OFFICER (AO) IN THE GENERAL DIVISION 

Emeritus Professor David John AMES
East Kew, Vic
For distinguished service to psychiatry, particularly in the area of dementia and the mental health of older persons, as an academic, author and practitioner, and as an adviser to professional bodies. 

Dr Peggy BROWN
Sanctuary Cove, Qld
For distinguished service to medical administration in the area of mental health through leadership roles at the state and national level, to the discipline of psychiatry, to education, and to health care standards. 

Professor Creswell John EASTMAN AM
St Leonards, NSW
For distinguished service to medicine, particularly to the discipline of pathology, through leadership roles, to medical education, and as a contributor to international public health projects.

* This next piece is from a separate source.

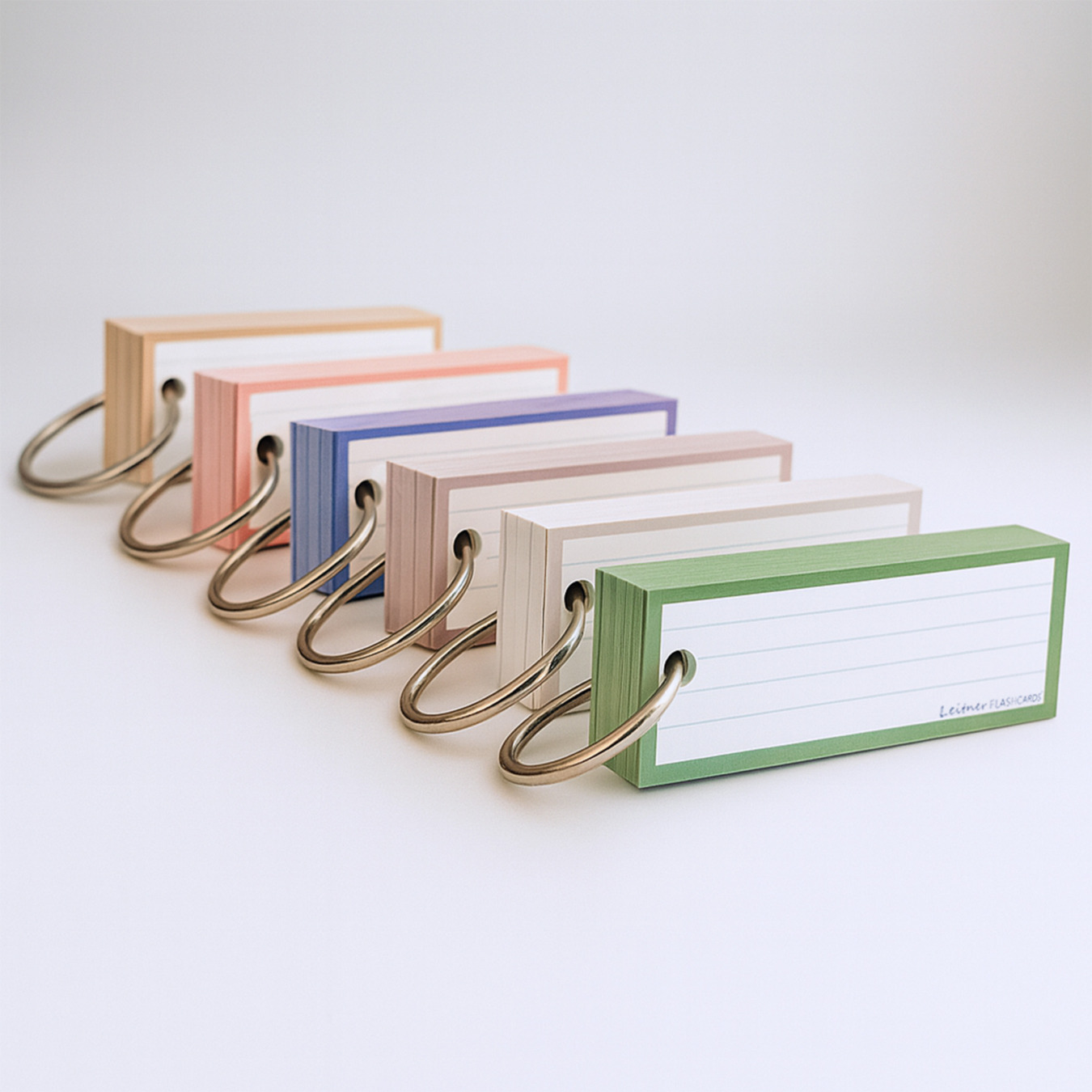 Lot Promo-10%Kit MIX & MATCH de 200 Flashcards Leitner vertes4 packs de Flashcards LeitnerRéglures au choix

Professor Suzanne Marie GARLAND
Docklands, Vic
For distinguished service to medicine in the field of clinical microbiology, particularly to infectious diseases in reproductive and neonatal health as a physician, administrator, researcher and author, and to professional medical organisations. 

Dr Paul John HEMMING
Queenscliff, Vic
For distinguished service to higher education administration, to medicine through contributions to a range of professional medical associations, and to the community of central Victoria, particularly as a general practitioner. 

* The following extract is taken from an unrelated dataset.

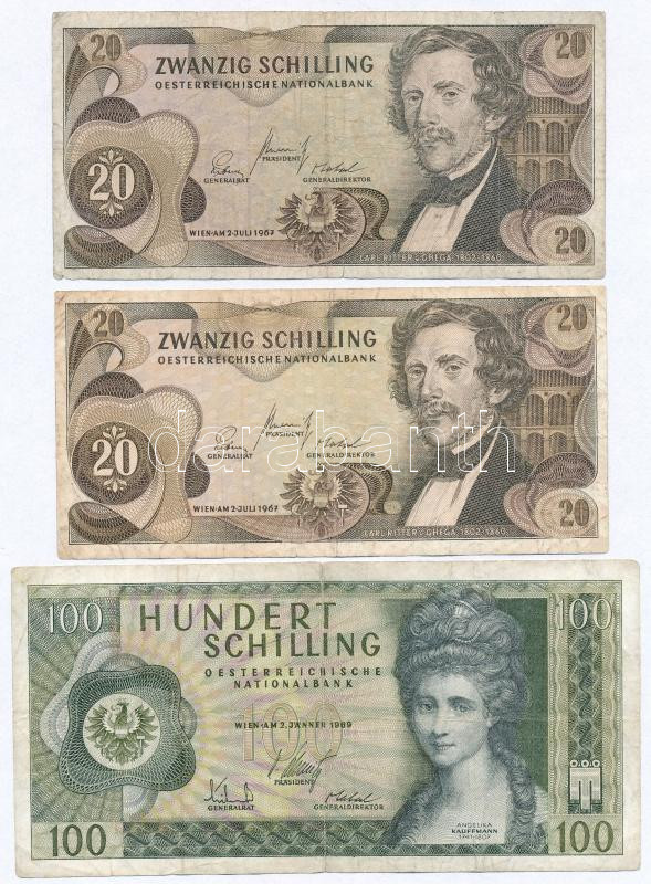 Leírás: Ausztria 1967. 20Sch (2x) + 1969. 100Sch T:III,III-

Professor Anthony David HOLMES
Melbourne, Vic
For distinguished service to medicine, particularly to reconstructive and craniofacial surgery, as a leader, clinician and educator, and to professional medical associations. 

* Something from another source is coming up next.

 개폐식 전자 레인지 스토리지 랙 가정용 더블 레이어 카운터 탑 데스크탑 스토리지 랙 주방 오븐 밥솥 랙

Dr Diana Elaine O’HALLORAN
Glenorie, NSW
For distinguished service to medicine in the field of general practice through policy development, health system reform and the establishment of new models of service and care.

MEMBER (AM) IN THE GENERAL DIVISION

Dr Michael Charles BELLEMORE
Croydon, NSW
For significant service to medicine in the field of paediatric orthopaedics as a surgeon, to medical education, and to professional medical societies. 

Dr Colin Ross CHILVERS
Launceston, Tas
For significant service to medicine in the field of anaesthesia as a clinician, to medical education in Tasmania, and to professional societies. 

Associate Professor Peter HAERTSCH OAM
Breakfast Point, NSW
For significant service to medicine in the field of plastic and reconstructive surgery as a clinician and administrator, and to medical education. 

Professor Ian Godfrey HAMMOND
Subiaco, WA
For significant service to medicine in the field of gynaecological oncology as a clinician, to cancer support and palliative care, and to professional groups. 

Dr Philip Haywood HOUSE
WA
For significant service to medicine as an ophthalmologist, to eye surgery foundations, and to the international community of Timor Leste. 

Adjunct Professor John William KELLY
Vic
For significant service to medicine through the management and treatment of melanoma, as a clinician and administrator, and to education.

Dr Marcus Welby SKINNER
West Hobart, Tas
For significant service to medicine in the field of anaesthesiology and perioperative medicine as a clinician, and to professional societies. 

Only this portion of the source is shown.